## DATA IN THIS EXERCISE
--- START ---

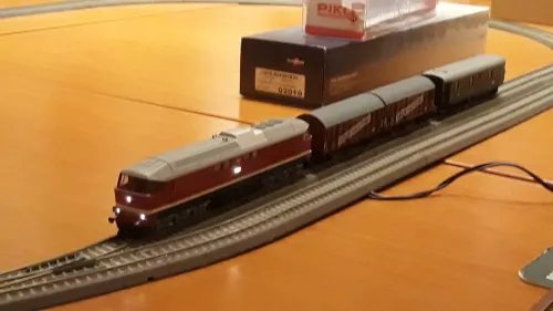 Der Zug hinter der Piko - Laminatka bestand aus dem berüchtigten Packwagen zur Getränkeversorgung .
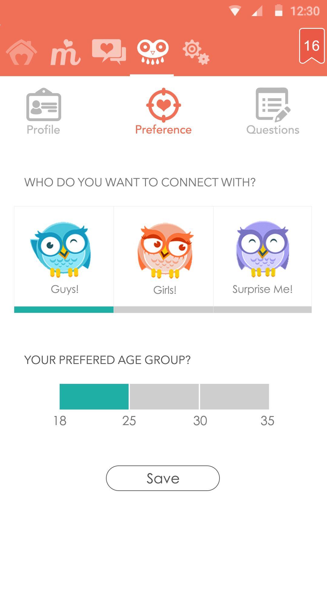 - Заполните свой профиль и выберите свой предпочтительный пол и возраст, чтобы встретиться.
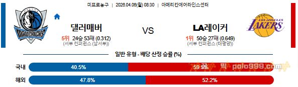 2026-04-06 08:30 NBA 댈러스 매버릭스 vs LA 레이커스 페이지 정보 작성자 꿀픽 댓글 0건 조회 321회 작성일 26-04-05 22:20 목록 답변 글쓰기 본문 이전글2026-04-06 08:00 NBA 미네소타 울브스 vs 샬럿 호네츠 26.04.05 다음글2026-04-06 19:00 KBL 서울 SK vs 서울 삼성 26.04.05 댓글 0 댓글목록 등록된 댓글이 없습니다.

--- END ---
--- START ---

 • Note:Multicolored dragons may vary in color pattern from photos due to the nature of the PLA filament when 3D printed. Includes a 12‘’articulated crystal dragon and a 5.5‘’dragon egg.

--- END ---
--- START ---

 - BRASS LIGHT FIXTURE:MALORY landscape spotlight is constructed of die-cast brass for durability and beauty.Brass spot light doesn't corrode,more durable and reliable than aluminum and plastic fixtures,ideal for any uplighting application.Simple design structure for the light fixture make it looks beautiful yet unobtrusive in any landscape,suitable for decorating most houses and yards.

--- END ---

## WHAT NEEDS TO BE DONE
Extract, without any images, the part of the material above that opens with the line containing "- Заполните свой" and closes with the line containing "2026-04-06 08:30 NBA", both lines included.

## TASK SOLUTION
 - Заполните свой профиль и выберите свой предпочтительный пол и возраст, чтобы встретиться.
 2026-04-06 08:30 NBA 댈러스 매버릭스 vs LA 레이커스 페이지 정보 작성자 꿀픽 댓글 0건 조회 321회 작성일 26-04-05 22:20 목록 답변 글쓰기 본문 이전글2026-04-06 08:00 NBA 미네소타 울브스 vs 샬럿 호네츠 26.04.05 다음글2026-04-06 19:00 KBL 서울 SK vs 서울 삼성 26.04.05 댓글 0 댓글목록 등록된 댓글이 없습니다.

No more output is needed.